*** Opening of Exercise input ***

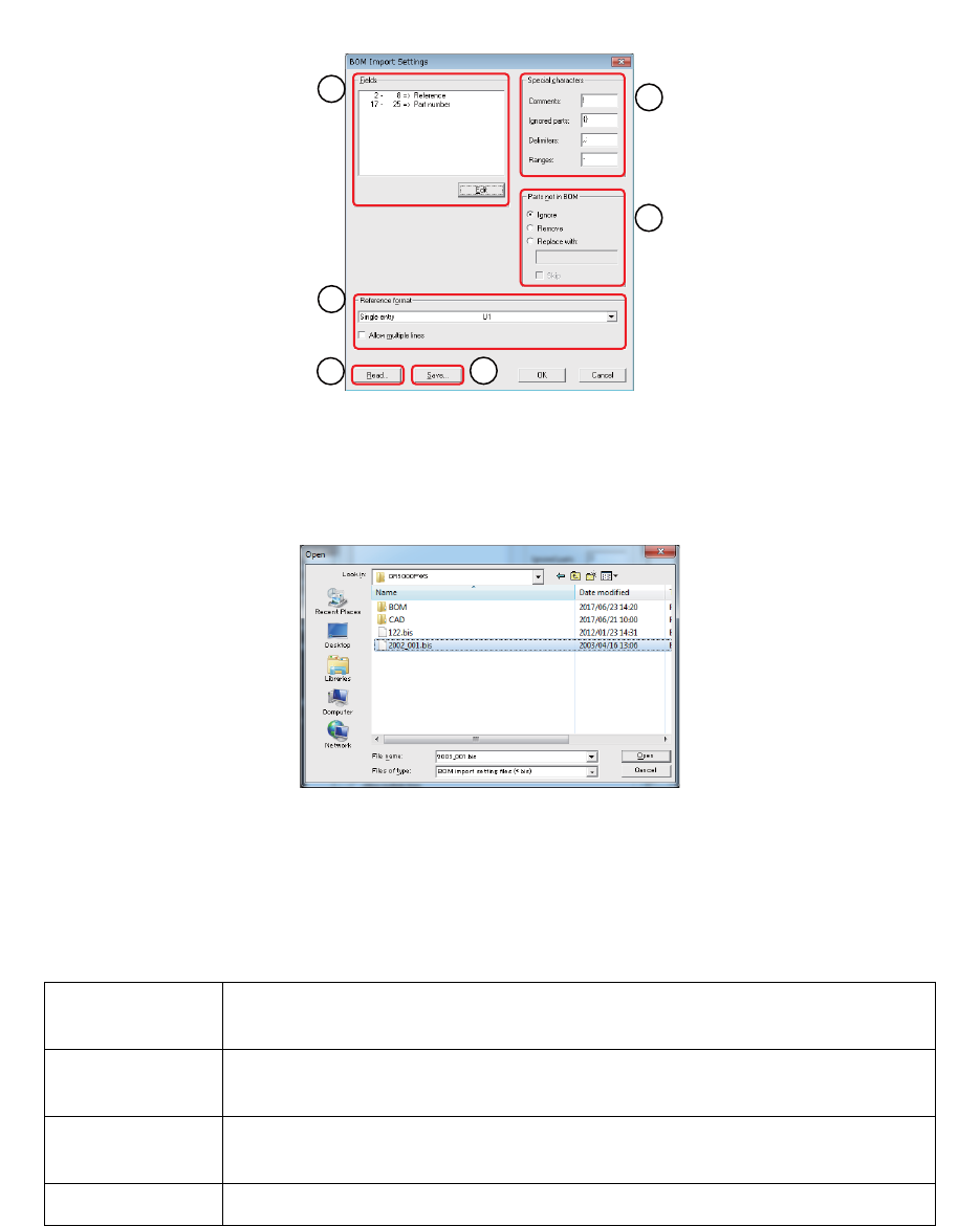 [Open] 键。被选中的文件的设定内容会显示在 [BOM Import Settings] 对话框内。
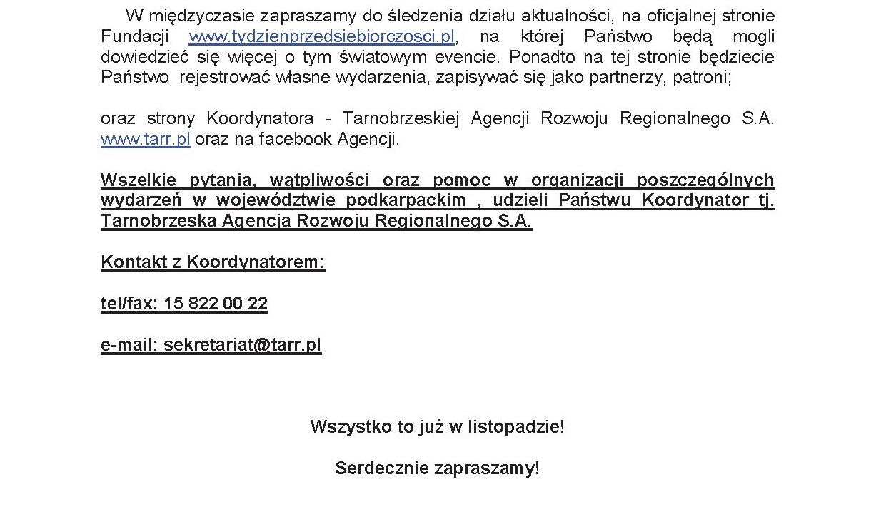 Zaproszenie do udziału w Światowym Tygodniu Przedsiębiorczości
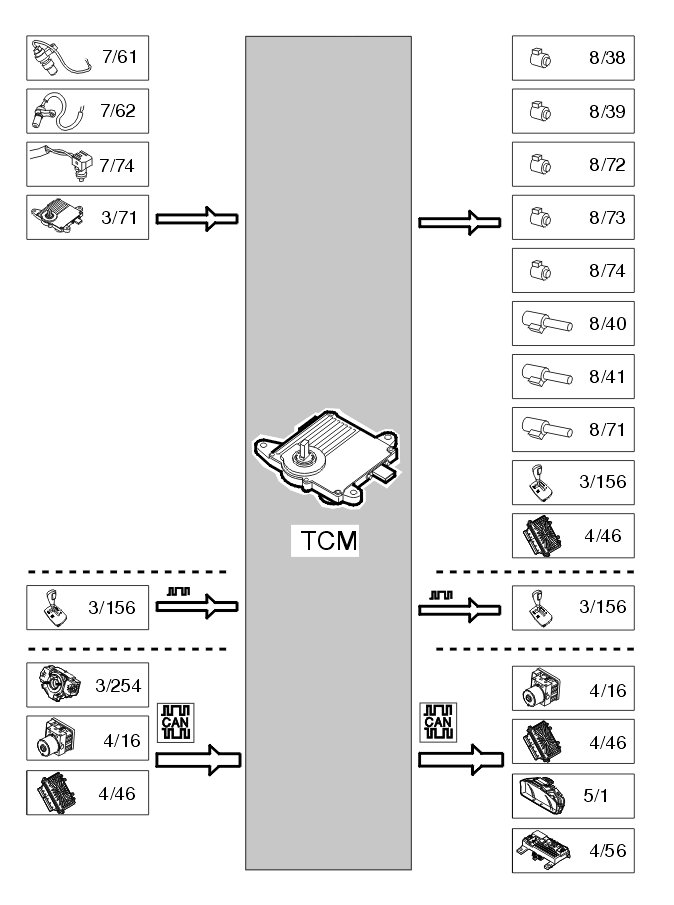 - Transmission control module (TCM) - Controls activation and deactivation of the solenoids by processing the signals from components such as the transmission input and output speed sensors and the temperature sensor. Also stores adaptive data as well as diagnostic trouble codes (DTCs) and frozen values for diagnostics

*** Close of Exercise input ***
*** Opening of Exercise input ***

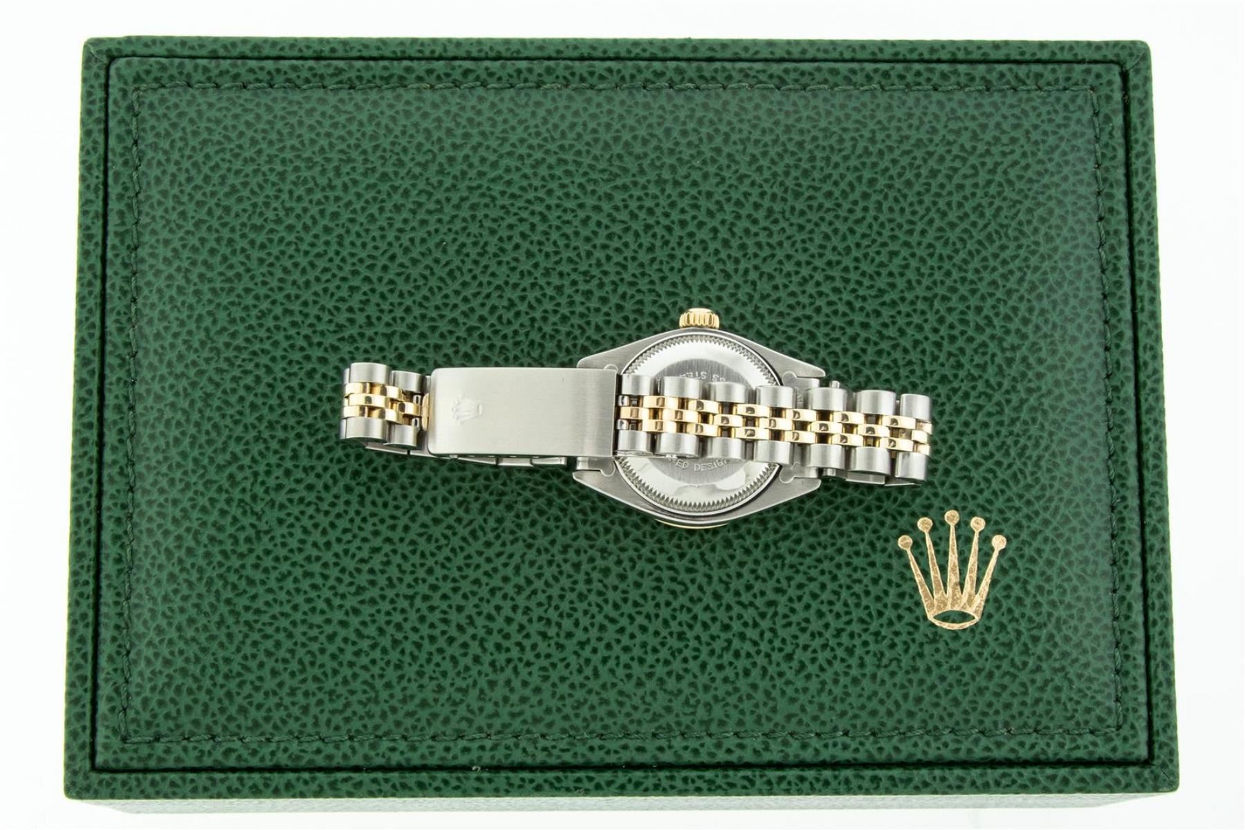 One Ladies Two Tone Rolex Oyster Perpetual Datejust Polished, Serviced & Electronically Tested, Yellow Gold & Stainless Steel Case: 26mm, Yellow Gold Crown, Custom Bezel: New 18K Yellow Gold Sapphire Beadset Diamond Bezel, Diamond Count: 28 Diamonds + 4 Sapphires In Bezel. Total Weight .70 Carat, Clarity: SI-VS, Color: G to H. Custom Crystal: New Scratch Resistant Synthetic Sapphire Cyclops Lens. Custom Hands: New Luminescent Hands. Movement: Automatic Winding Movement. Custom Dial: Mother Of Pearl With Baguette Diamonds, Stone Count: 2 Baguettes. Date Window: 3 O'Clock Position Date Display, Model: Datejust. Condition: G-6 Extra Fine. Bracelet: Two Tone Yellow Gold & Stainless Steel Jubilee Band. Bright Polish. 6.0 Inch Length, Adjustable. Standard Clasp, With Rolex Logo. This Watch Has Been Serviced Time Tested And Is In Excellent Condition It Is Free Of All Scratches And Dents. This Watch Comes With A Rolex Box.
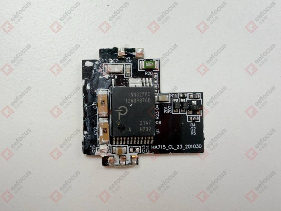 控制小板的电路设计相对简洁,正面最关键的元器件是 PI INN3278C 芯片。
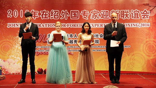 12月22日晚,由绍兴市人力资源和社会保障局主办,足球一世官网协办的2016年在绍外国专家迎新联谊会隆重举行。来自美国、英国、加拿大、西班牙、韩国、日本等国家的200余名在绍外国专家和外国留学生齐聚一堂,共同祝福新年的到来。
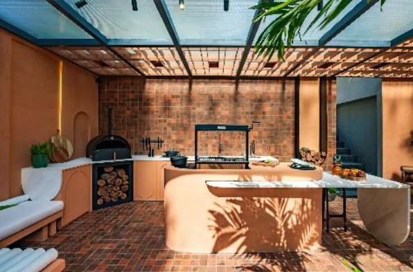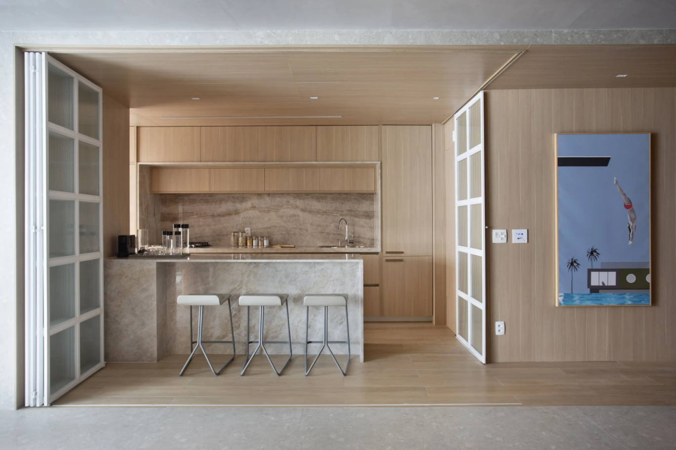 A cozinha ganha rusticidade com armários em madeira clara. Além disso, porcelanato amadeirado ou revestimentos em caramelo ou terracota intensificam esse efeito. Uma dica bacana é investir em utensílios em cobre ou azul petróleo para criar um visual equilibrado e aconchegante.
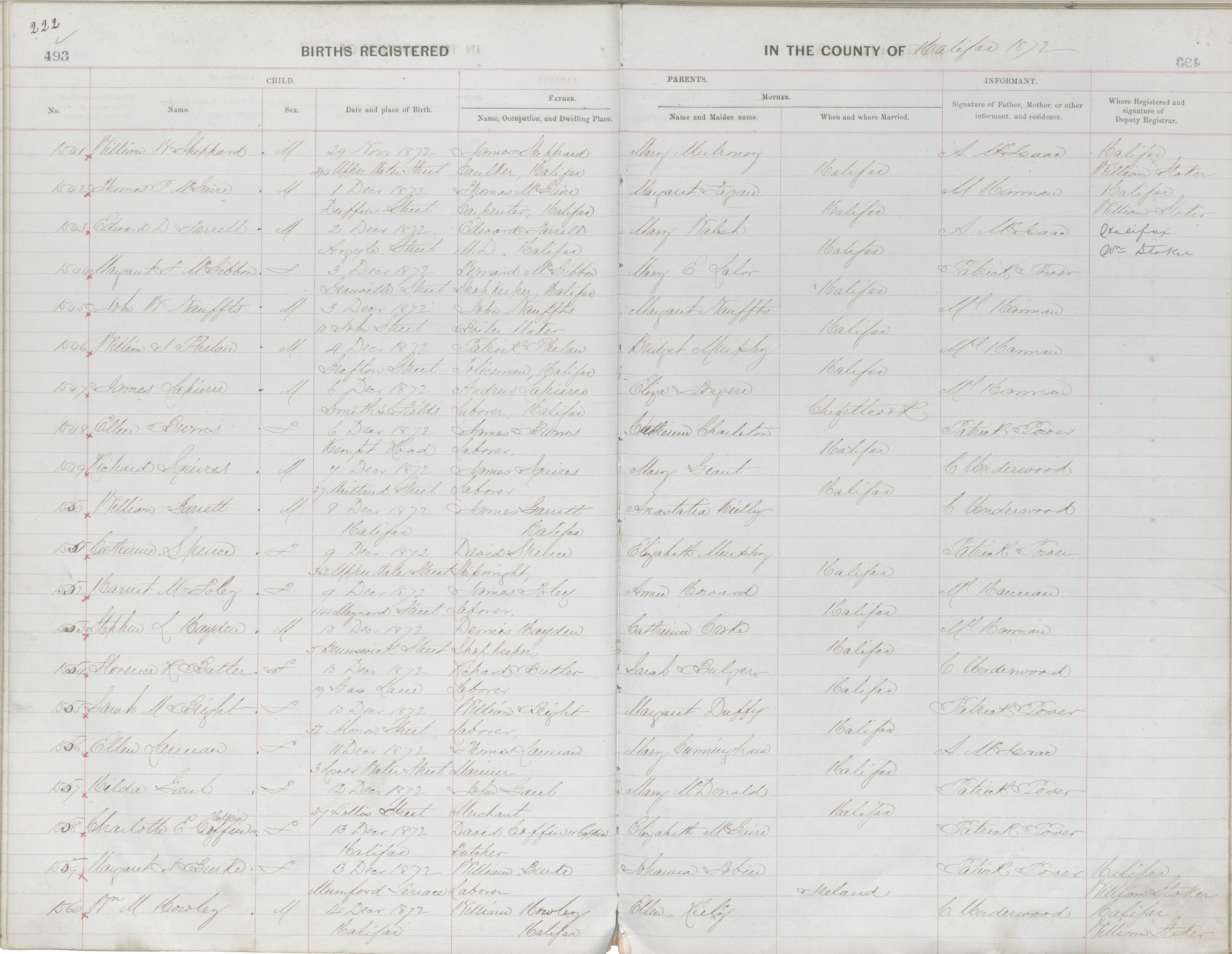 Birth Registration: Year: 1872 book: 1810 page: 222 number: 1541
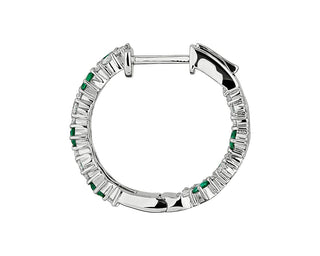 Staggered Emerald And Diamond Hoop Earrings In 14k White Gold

*** Close of Exercise input ***

What's needed is an exact copy of the records above from the line containing "12月22日晚,由绍兴市人力" down to the line containing "Staggered Emerald And", both included, without any pictures.

▶ [Response for this exercise]
 12月22日晚,由绍兴市人力资源和社会保障局主办,足球一世官网协办的2016年在绍外国专家迎新联谊会隆重举行。来自美国、英国、加拿大、西班牙、韩国、日本等国家的200余名在绍外国专家和外国留学生齐聚一堂,共同祝福新年的到来。
 A cozinha ganha rusticidade com armários em madeira clara. Além disso, porcelanato amadeirado ou revestimentos em caramelo ou terracota intensificam esse efeito. Uma dica bacana é investir em utensílios em cobre ou azul petróleo para criar um visual equilibrado e aconchegante.
 Birth Registration: Year: 1872 book: 1810 page: 222 number: 1541
 Staggered Emerald And Diamond Hoop Earrings In 14k White Gold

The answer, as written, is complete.